Mention particulière à l’AfD, véritable dépotoir politique qui, après avoir laissé des nationaux-révolutionnaires allemands servir de paravent à une prétendue extrême droite, a opéré une synthèse entre l’École de Francfort et les appareils de la Stasi, devenant la quintessence de la dégénérescence. Un Mouvement Cinq Étoiles porté à sa puissance maximale.

Cette convergence effrontée de tous ceux qui n’aiment pas l’Europe

Si le Kremlin, la Maison-Blanche et la Knesset se sont retrouvés ensemble dans une tentative désespérée de sauver leur marionnette de Budapest, il devrait être clair — et d’ailleurs ILS le disent eux-mêmes, c’est nous qui refusons de l’entendre — qu’ils sont les ennemis de l’Europe et que le « souverainisme », tel que nous le nommons, constitue l’un des principaux instruments contre la souveraineté de nos peuples.

Cela ne devrait pas être difficile à comprendre. Le fait est que beaucoup refusent de voir.

Dans certains milieux, on « raisonne » désormais à coups de fétiches, de slogans préfabriqués, d’ignorance, de superficialité et de supposées corruptions qui, tour à tour, expliquent — avec les Soros de service — les cuisantes défaites des serviteurs de leurs maîtres.

Indépendamment de ce qui adviendra demain en Hongrie, le rejet populaire d’Orbán — massif, dans la rue comme dans les urnes — constitue une preuve claire et incontestable du sentiment partagé.
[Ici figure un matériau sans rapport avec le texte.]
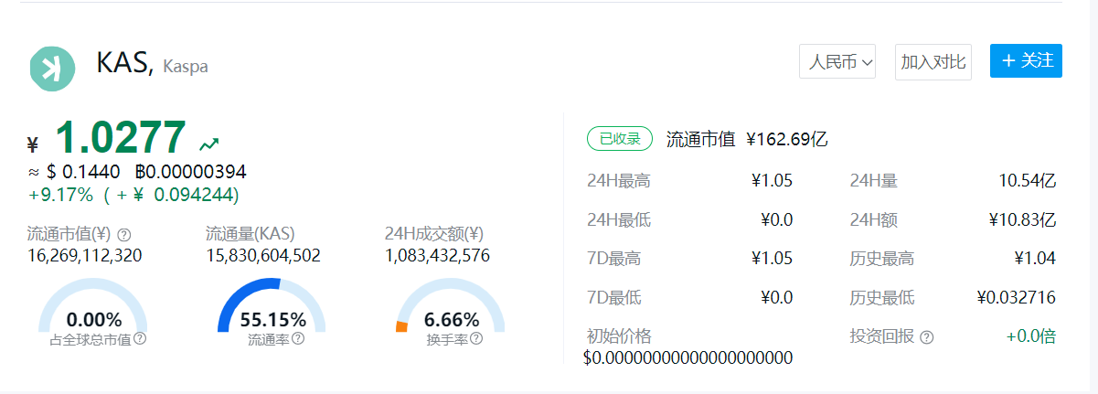 KAS今日价格最新行情为$0.144,24小时流通量为15830604502,24小时成交额为1083432576,流通市值为16269112320。
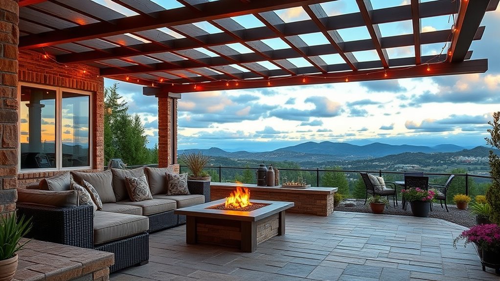 To create an outdoor living space for all seasons, focus on adding features like fire pits to keep warm and set a cozy atmosphere. Incorporate layered lighting for safety and ambiance, and use weather-resistant furniture and curtains for shelter from rain and wind. Plant evergreen shrubs for year-round privacy and greenery. Thoughtful planning around these elements will help you enjoy your outdoor space year-round—keep exploring for even more ideas to make it versatile and inviting.

Les sentiments peuvent être instrumentalisés, interprétés, déformés, mais ils ne naissent pas de rien.
Il n’est pas anodin que nos ennemis — de l’Est comme de l’Ouest — aient compris à temps et occupé avec une remarquable rapidité le terrain de ce populisme qu’ils voyaient poindre à l’horizon et qu’ils n’avaient certainement pas souhaité.
Ils ont tenté — avec succès — de l’utiliser contre lui-même.

Aujourd’hui, toutefois, ce « souverainisme » se fracture

et ce sont surtout des dirigeants âgés de quarante à cinquante ans — formés sur le terrain et non dans les écoles de cadres communistes ou des réseaux Stay Behind (qui, au fond, relèvent d’une même logique) — qui opèrent cette rupture dans un sens européen, insufflant un vent nouveau dans un espace politique accaparé dès l’origine par des agents et des serviteurs de puissances dominantes. Ces dernières perdent aujourd’hui du terrain et de l’influence — et c’est sans doute la meilleure nouvelle.

Ni Front Rouge ni Réaction !


Ni même ce Frankenstein qui combine les deux sous diverses formes, dont le mensonge « rouge-brun » et la confusion qui consiste à prendre des agents étrangers pour des dirigeants souverains.